DRON TEKNOLOJİLERİ
Yeni teknolojilerin 21. yüzyılda her zamankinden daha hızlı bir tempoyla geliştiğine şahit oluyoruz. Her yeni teknolojik gelişmenin diğer çağdaş buluşlarla entegre olmasından kaynaklanan katma değerinin katlanarak arttığı dikkat çekiyor. İnsansız Hava Araçları (İHA) olarak da bilinen dronların teknolojik gelişimine baktığımızda, diğerleri gibi birbirine bağımlı ve paralel bir hızda olduğu görülüyor.
Dronların gelişimindeki kilometre taşlarına kısaca göz atacak olursak; UAV tanımına uyan ilk insansız sıcak hava balonu 1783’te Fransa’da kullanıldı. Sonrasında, söz konusu insansız balonun askeri amaçlı ilk kullanımı 1849 yılında, Avusturya’nın Venedik bombardımanı esnasında oldu ve pek de etkili değildi1. 1858’de insansız balondan ilk defa hava fotoğrafı çekildi. 1896 balondan roket teknolojisine geçen ve üzerine kamera monte edilen ilk İHA uçuruldu. Nikola Tesla’nın 1898’de geliştirdiği radyo sinyali ile kontrol edilen ilk tekne, uzaktan kumandalı dronlar için de ilham kaynağı oldu. Günümüzdeki modern dronların prototipi diyebileceğimiz ilk UAV İngiltere Hava Kuvvetlerinin 1935’te hava hedefi olarak geliştirdiği “Queen Bee” adı verilen dronlardı. 1936 yılında ABD’nin dron programını başlatmasıyla ağırlıklı olarak askeri İHA projeleriyle 2000’li yıllara kadar gelindi. Bu süreçte II. Dünya Savaşı, Kore Savaşı, Vietnam Savaşı, Arap-İsrail Savaşı ve Körfez Savaşı farklı amaçlara yönelik dronların geliştirilmesi, test edilmesi ve kullanılması için önemli aşamaların kaydedildiği süreçler oldu. Dronların sivil amaçlarla kullanımı ise 2006’dan itibaren yaygınlaşmaya başladı.

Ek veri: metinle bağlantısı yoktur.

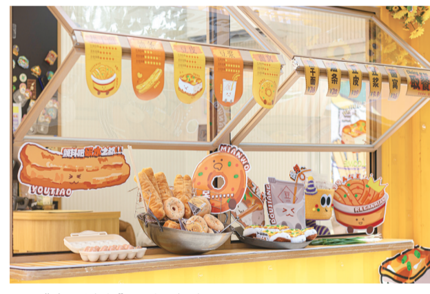
“全员饿人”系列早餐产品。

长江日报 “老板,我要一份豆皮,摊脆一点。”10月5日上午,位于汉口咸安坊的早餐店“全员饿人”一开业,已排队等待一个小时的顾客便迫不及待地开始“点餐”。

Bu çerçevede Katrina Kasırgası sonrasında arama, kurtarma ve afet yardım harekâtında etkinlikle kullanıldı. 2010 yılı “Quadcopter” adı verilen dört döner kanatlı insansız hava araçlarının sivil sektör tarafından daha yoğunlukla kullanılmaya başlandığı görüldü. Son 10 yılda ise insansız hava araçları günlük hayatın neredeyse her yönünde farklı hizmetlerde kullanılmaya başlandı. Modern İHA teknolojisinin ilk modeli sayılan dronun 1935 yılında kullanılmasından bu yana, İnsansız hava araçlarının gelişim hızı diğer teknolojik inovasyonun temposu ile hemen hemen aynı seviyede oldu. Bu süreçte, dron teknolojilerinin gelişimine etki eden en önemli faktörleri:
- Fiziksel ve aerodinamik gereksinimler,
- Dronların tipleri,
- Dronların kontrol, uçuş güvenlik ve emniyet sistemleri,
- Kullanım amaçları,
- Diğer teknolojilerdeki gelişmeler başlıkları altında incelemek mümkündür.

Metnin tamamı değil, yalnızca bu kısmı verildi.